Problem statement
With the exception of the pictures, write out the data below precisely.

+++ Dataset excerpt +++

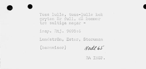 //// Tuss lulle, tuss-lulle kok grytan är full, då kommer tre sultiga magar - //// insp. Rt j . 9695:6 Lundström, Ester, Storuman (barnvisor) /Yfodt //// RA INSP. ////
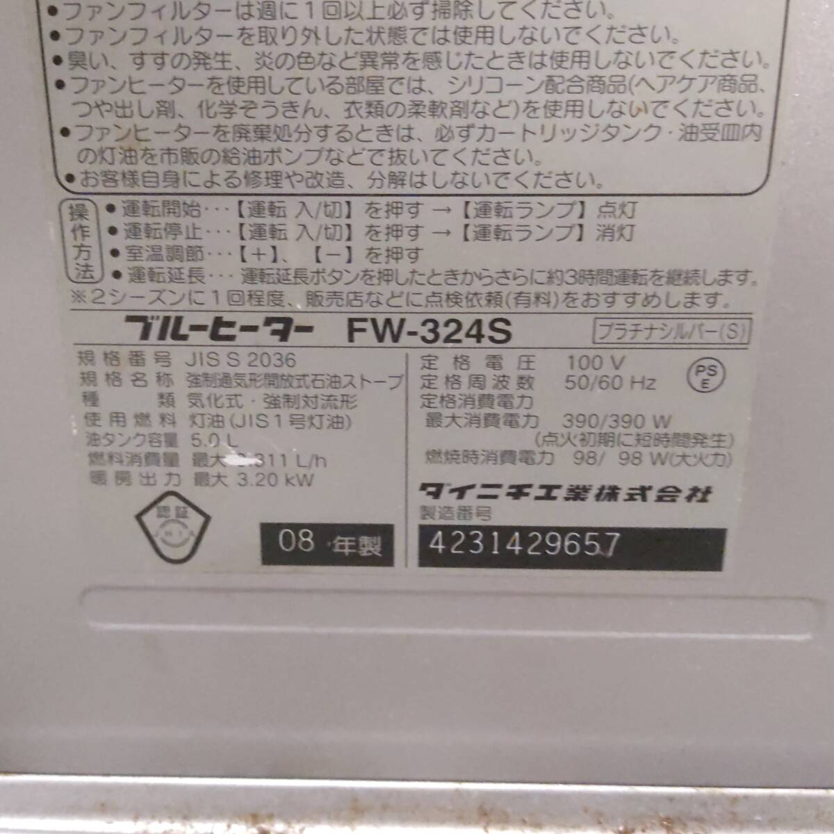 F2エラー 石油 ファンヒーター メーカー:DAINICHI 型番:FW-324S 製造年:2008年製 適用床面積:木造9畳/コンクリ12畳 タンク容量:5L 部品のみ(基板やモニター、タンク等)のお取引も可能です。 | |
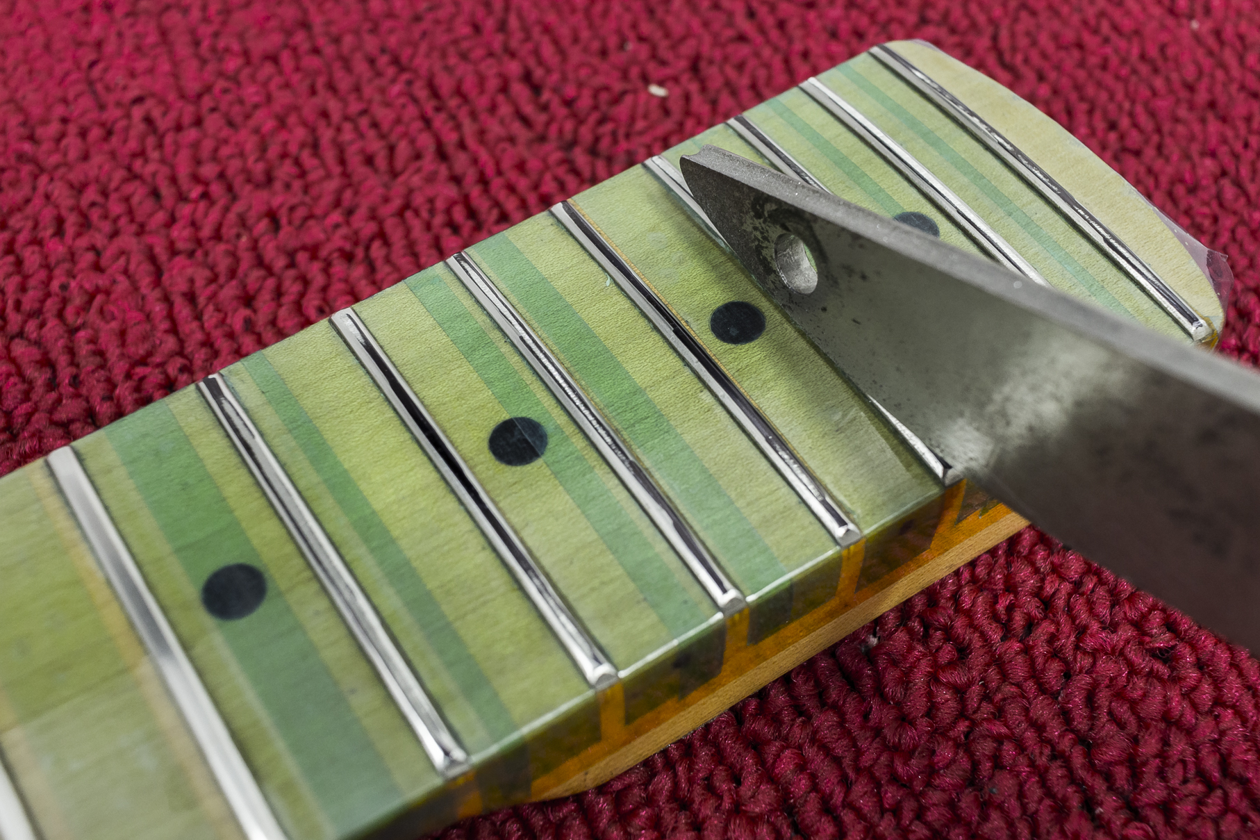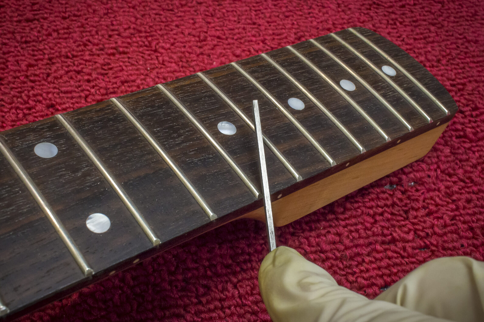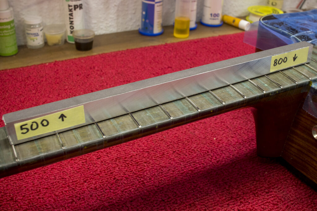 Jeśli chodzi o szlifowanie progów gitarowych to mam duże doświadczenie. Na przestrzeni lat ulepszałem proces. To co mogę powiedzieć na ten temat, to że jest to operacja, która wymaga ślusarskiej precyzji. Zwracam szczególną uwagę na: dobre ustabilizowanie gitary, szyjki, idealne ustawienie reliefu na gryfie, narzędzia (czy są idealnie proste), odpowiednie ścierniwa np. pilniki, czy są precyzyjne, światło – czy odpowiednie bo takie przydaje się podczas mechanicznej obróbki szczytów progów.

+++

Solution
 //// Tuss lulle, tuss-lulle kok grytan är full, då kommer tre sultiga magar - //// insp. Rt j . 9695:6 Lundström, Ester, Storuman (barnvisor) /Yfodt //// RA INSP. ////
 F2エラー 石油 ファンヒーター メーカー:DAINICHI 型番:FW-324S 製造年:2008年製 適用床面積:木造9畳/コンクリ12畳 タンク容量:5L 部品のみ(基板やモニター、タンク等)のお取引も可能です。 | |
 Jeśli chodzi o szlifowanie progów gitarowych to mam duże doświadczenie. Na przestrzeni lat ulepszałem proces. To co mogę powiedzieć na ten temat, to że jest to operacja, która wymaga ślusarskiej precyzji. Zwracam szczególną uwagę na: dobre ustabilizowanie gitary, szyjki, idealne ustawienie reliefu na gryfie, narzędzia (czy są idealnie proste), odpowiednie ścierniwa np. pilniki, czy są precyzyjne, światło – czy odpowiednie bo takie przydaje się podczas mechanicznej obróbki szczytów progów.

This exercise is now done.